# Bad chatroulette experience....



## shiro_ookami (Jun 10, 2008)

Went on the website with my mum for a laugh and then she told me to take over and it went onto a chick...

A guy then said do you like the chicken? Do you like the snake too?

Instantly I was like no no don't do that!..

And he said show me your boobs or the chick gets it.
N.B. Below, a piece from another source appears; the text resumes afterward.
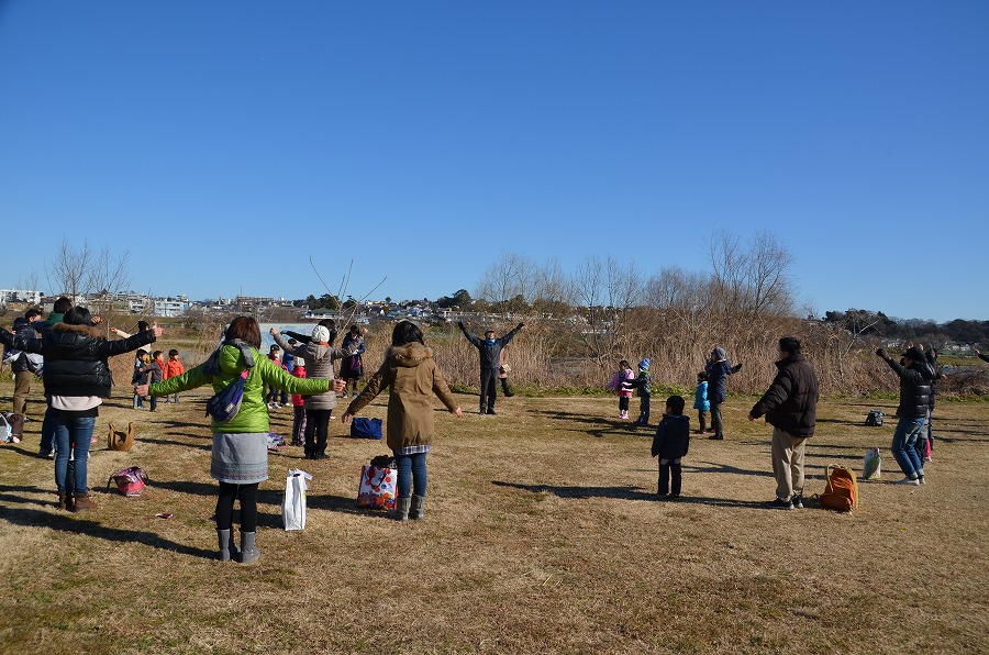 2015年、とどろき水辺の楽校最初のイベントは、『凧揚げ・昔遊び・雑煮』だ。

The python was cm's away so I told him to move the chick and I would...but before I could do anything he let the python get the chicken and was saying I could still save it it is still alive..

So I said it would be cruel to let it live no and he said bye and i left...now I feel physically sick and wish I just flashed before telling him to move the chick =( I think I made the wrong choice....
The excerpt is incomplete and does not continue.